You can now open a browser of your choice (Mozilla Firefox/Google Chrome) and visit "http://{PUBLIC_IP}:82" to interact with the PrimeQA application. You will see our Retrieval, Reader and QuestionAnswering components. Some features include the ability to adjust settings and for users to provide feedback on retrieved answers.

💻 User Feedback

Users can provide feedback via the 👍 and 👎 icons to the answers shown in the results page.

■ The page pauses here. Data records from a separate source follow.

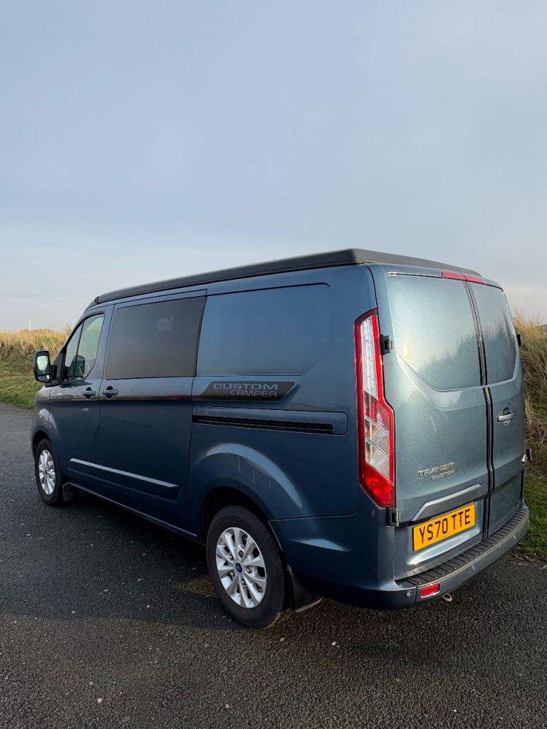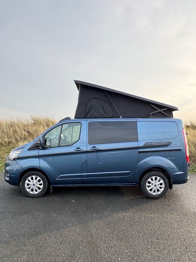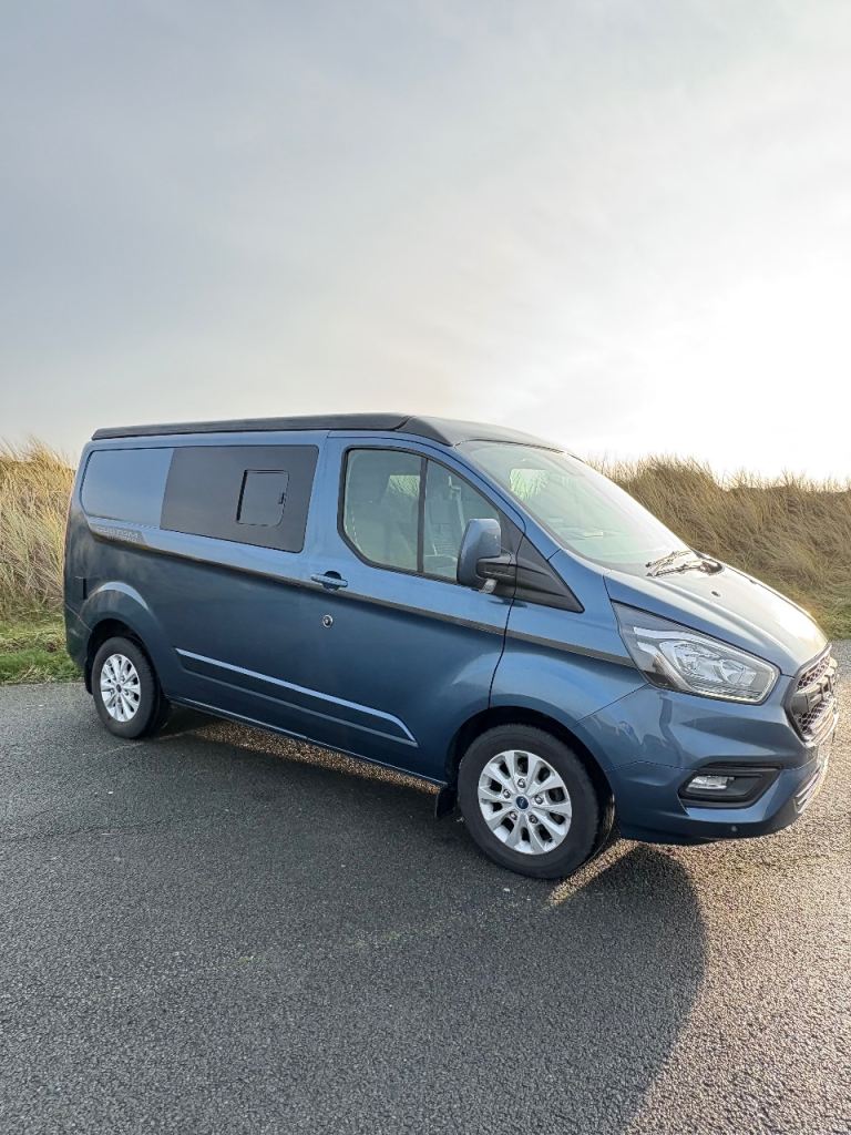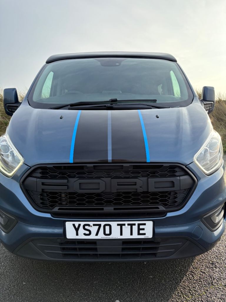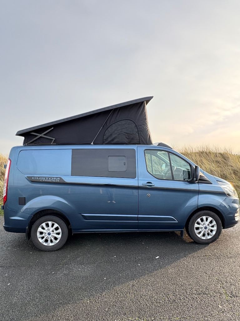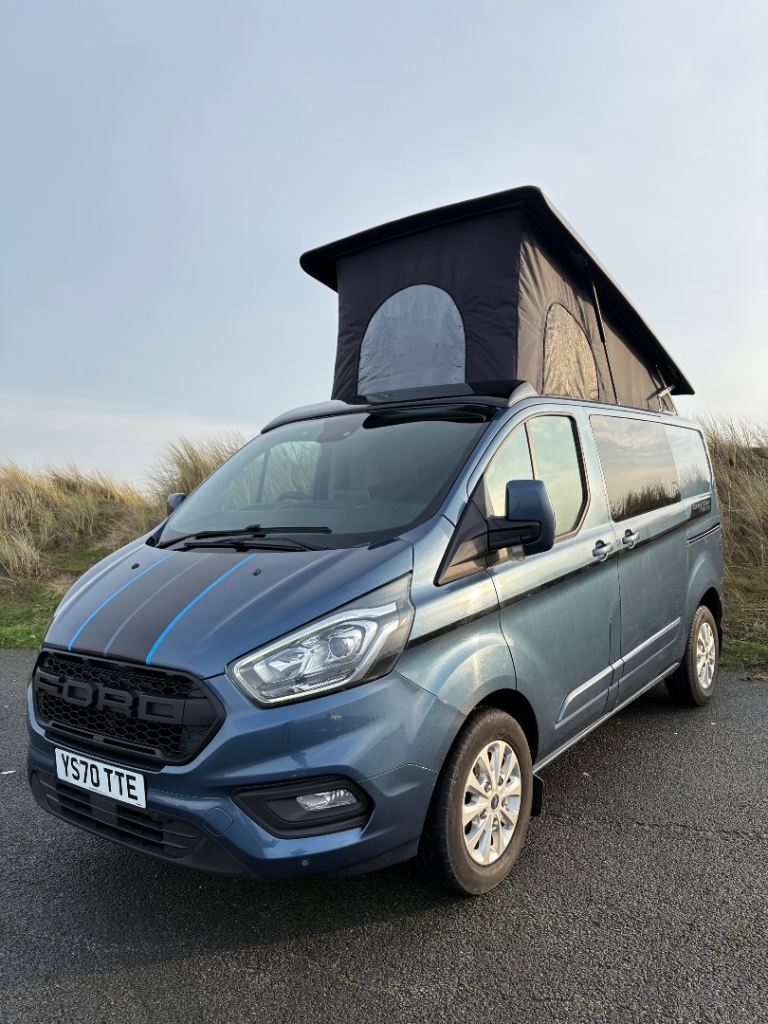 Brand New Ford Transit Custom Limited Camper Van. 68,000 miles. NEW WET BELT / WATER PUMP & SERVICE. Fully insulated, sound deadened and carpeted in Anthracite Grey. Professionally fitted pop‑top roof with upper sleeping area. Full standing height when the roof is raised. MOT‑compliant rock & roll bed with integrated seatbelts. Travel safely with up to 5 passengers. Front double swivel seat creating a spacious lounge area. Dometic Smev 9222 sink & twin‑hob combination, Fresh and waste water carriers, 50L LG fridge with freezer compartment, Removable table, Built‑in wardrobe storage. 12V leisure system allowing the van to operate independently without hook‑up, 240V hook‑up for campsite use, 4 plug sockets + multiple USB charging points, Victron DC‑to‑DC charger with Bluetooth monitoring — charges the leisure battery while driving,Full gas bottle, Smoke & Carbon Monoxide detectors, 6 LED lights, clear MOT, main dealer service history, 2 keys
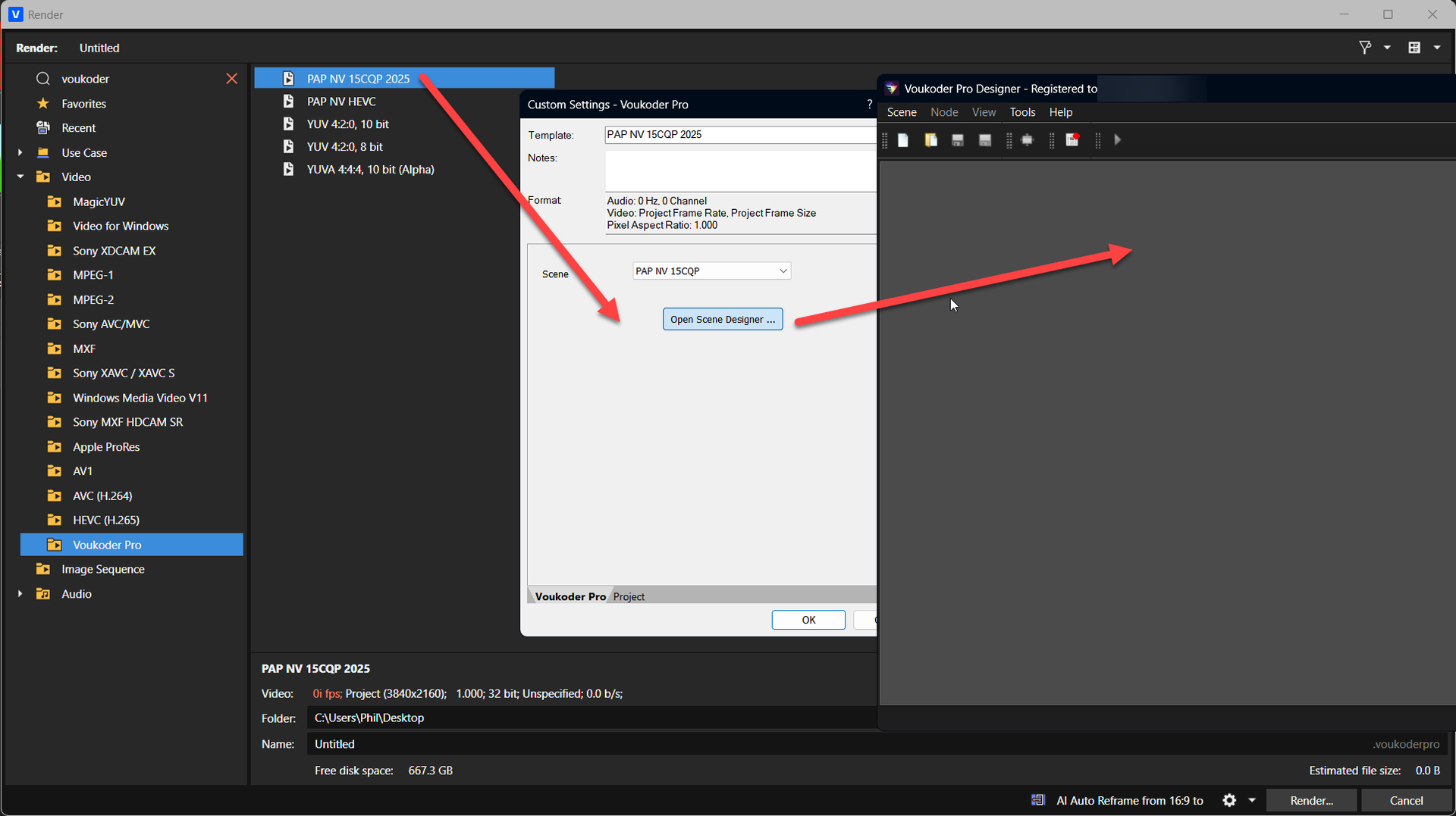 • Checked and double-checked license in Scene Designer and in \AppData\Local\VoukoderPro\license.txt
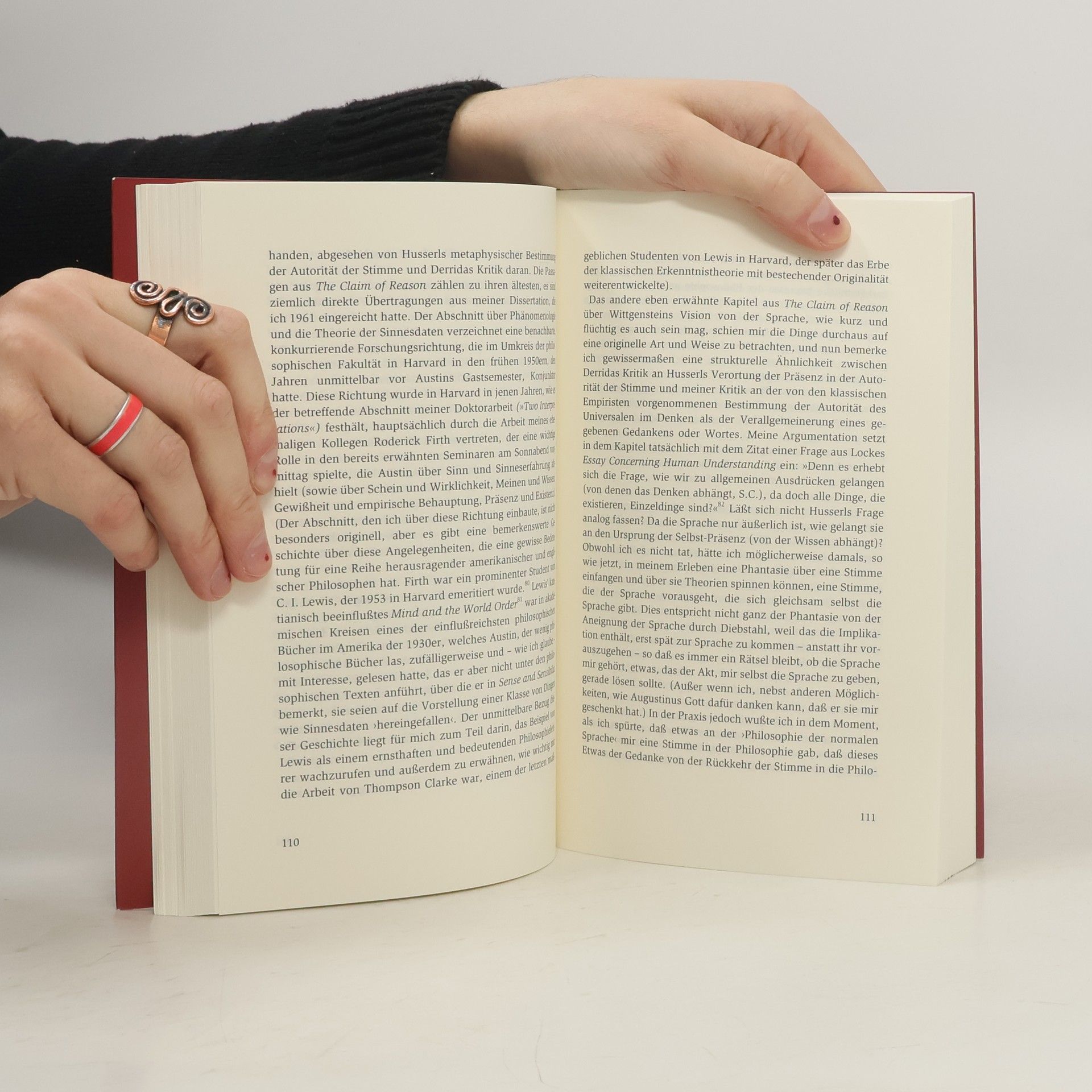 In den in diesem Band versammelten drei Essays zieht Stanley Cavell, einer der interessantesten und vielseitigsten Denker der Gegenwart, die Bilanz seines bisherigen Lebens und Denkens, angefangen von seiner Auseinandersetzung mit der Philosophie der normalen Sprache, dem Einfluss Emersons und Thoreaus auf das Denken in Nordamerika, der Psychoanalyse, dem Film, der Oper bis zur Analyse des Gewöhnlichen und des Skeptizismus. Den Leitfaden der drei Essays bildet die Stimme. Im ersten schildert Cavell, wie er seine eigene Stimme in der Philosophie gefunden hat: Er beschreibt seine Jugend im Milieu jüdischer Einwanderer im Kalifornien der 1930er und 40er Jahre, seine Zeit als Musiker in einer Band, die musikalischen Studien bei Ernest Bloch und schließlich seine Hinwendung zur Philosophie in der Auseinandersetzung mit Ludwig Wittgenstein und im Zusammenhang der persönlichen Begegnung mit J. L. Austin. Im zweiten Kapitel analysiert er die Rolle der Stimme im alten Streit über die Autorität von Metaphysik und Epistemologie anhand der Kontroverse zwischen Derrida und Austin. Im letzten Kapitel untersucht er die Stimme der Frau in der Oper und zeigt mögliche Gefahren auf, die das Erheben der Stimme implizieren kann, woraus er auf eine gender-spezifische Wendung der Skeptizismusproblematik schließt.

To use the feedback to fine-tune your Reader model

  1. Get the feedback data:
  curl -X 'GET' \
'http://localhost:50059/feedbacks?application=reading&application=qa&_format=primeqa' \
-H 'accept: application/json' > feedbacks.json
  1. Follow the instructions on how to finetune a PrimeQA reader with custom data here. Generally, the finetuning would start with the model used when collecting the feedback data as specified in the Model field under Reader settings in the Reading and/or QuestionAnswering UI.

  2. To deploy the finetuned model, follow the instructions here.

🤨 Troubleshooting

a. If the UI is not loading properly or a field is blank, please try these quick steps:

  • clear the browser cache and retry
  • restart the containers by running terminate.sh and then launch.sh

b. To view the logs, use the docker logs command, for example:

```
docker logs primeqa-ui
docker logs primeqa-orchestrator
docker logs primeqa-services
```

🤨 Frequently Asked Questions (FAQs)

  1. How do I switch to a different PrimeQA Reader model from the Huggingface model hub ?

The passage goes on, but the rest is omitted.